## [Data provided]
····················
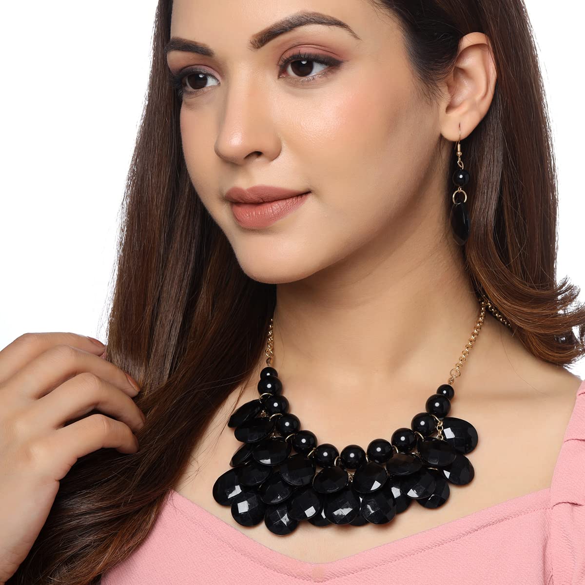 - Versatile Style: The vivid black stones allow you to either match or contrast the necklace with your outfit, enhancing your look for any occasion.
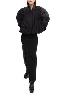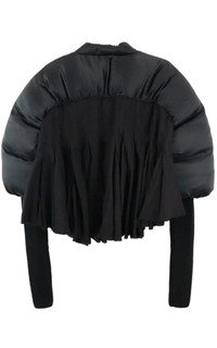 This Duvetessa jacket speaks to Rick Owens’ experimental aesthetic. It’s crafted from black shell and punctuated with pleated panels. Voluminous sleeves frame the boxy silhouette. black virgin wool/silk Padded panels Godet design Collarless V-neck Front press-stud fastening Puff sleeves Extra-long sleeves Ribbed cuffs Flared hem Cropped Composition: Virgin Wool 100% Lining: Cotton 97%, Elastane 3% Dry Clean Only Made in Italy
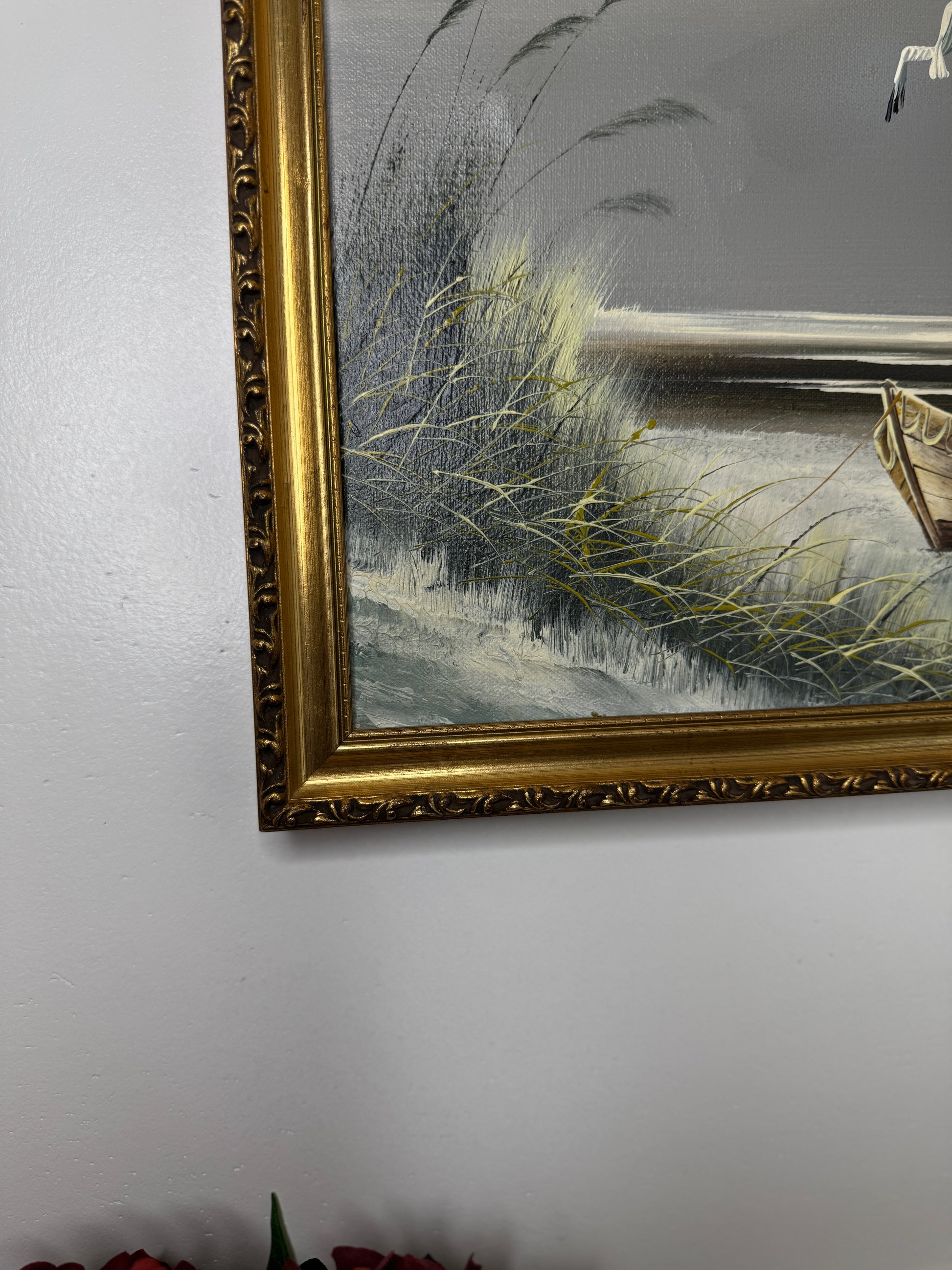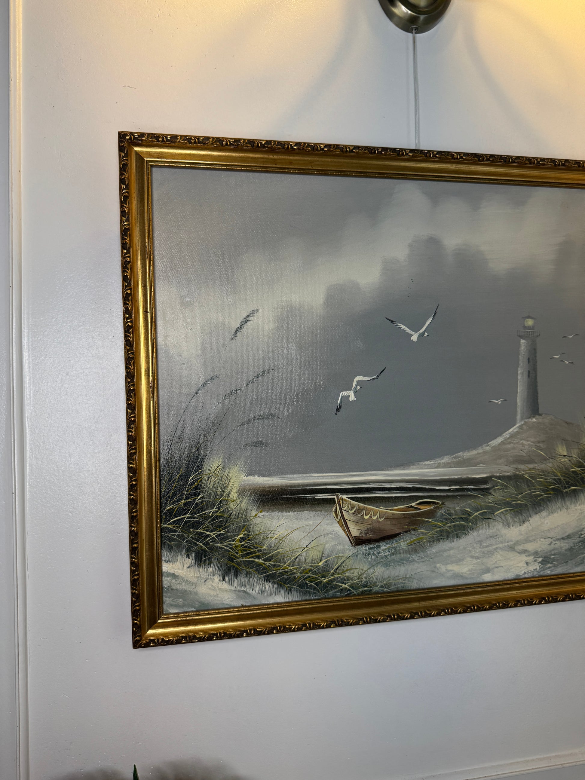 The painting is beautifully set in a detailed gold gilt frame, enhancing its coastal charm and classic elegance. Ideal for gallery walls, coastal-style interiors, or vintage decor settings.
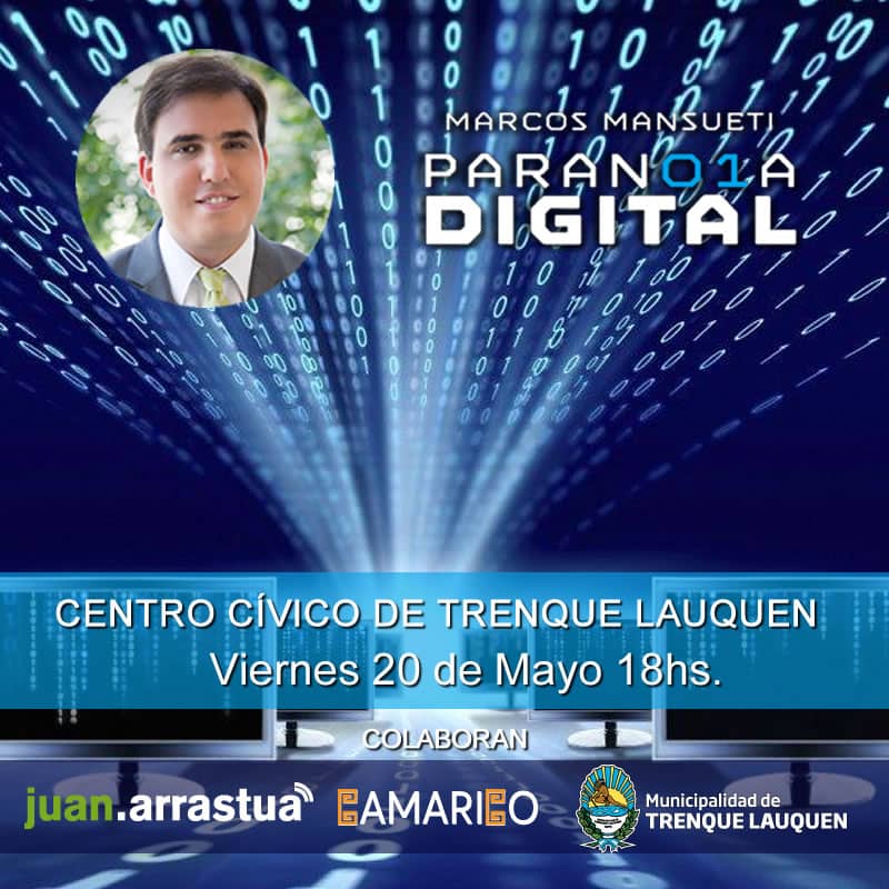 La Municipalidad de Trenque Lauquen adhiere a la presentación del libro “Paranoia digital” de Marcos Mansueti, que se realizará el viernes 20 de mayo a las 18 hs. en el Centro Cívico “La Primera”.
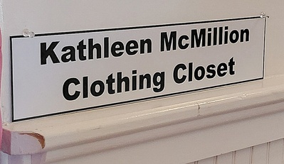 |  | The "Kathleen McMillion Clothing Closet" got its name in honor of the incredible woman who started it all in the 70's.
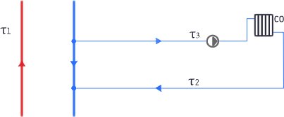 - Схема 44. Подключение потребителя к обратному трубопроводу. Поверхность нагрева системы отопления здания в данном случае должна быть определена не исходя из общепринятых 95°С, а по температуре в обратном трубопроводе 70°С. Циркуляционный насос должен компенсировать потери в системе отопления при расчетном расходе.
····················
## [Exercise]
Set down all records verbatim, omitting images.

## [Response]
 - Versatile Style: The vivid black stones allow you to either match or contrast the necklace with your outfit, enhancing your look for any occasion.
 This Duvetessa jacket speaks to Rick Owens’ experimental aesthetic. It’s crafted from black shell and punctuated with pleated panels. Voluminous sleeves frame the boxy silhouette. black virgin wool/silk Padded panels Godet design Collarless V-neck Front press-stud fastening Puff sleeves Extra-long sleeves Ribbed cuffs Flared hem Cropped Composition: Virgin Wool 100% Lining: Cotton 97%, Elastane 3% Dry Clean Only Made in Italy
 The painting is beautifully set in a detailed gold gilt frame, enhancing its coastal charm and classic elegance. Ideal for gallery walls, coastal-style interiors, or vintage decor settings.
 La Municipalidad de Trenque Lauquen adhiere a la presentación del libro “Paranoia digital” de Marcos Mansueti, que se realizará el viernes 20 de mayo a las 18 hs. en el Centro Cívico “La Primera”.
 |  | The "Kathleen McMillion Clothing Closet" got its name in honor of the incredible woman who started it all in the 70's.
 - Схема 44. Подключение потребителя к обратному трубопроводу. Поверхность нагрева системы отопления здания в данном случае должна быть определена не исходя из общепринятых 95°С, а по температуре в обратном трубопроводе 70°С. Циркуляционный насос должен компенсировать потери в системе отопления при расчетном расходе.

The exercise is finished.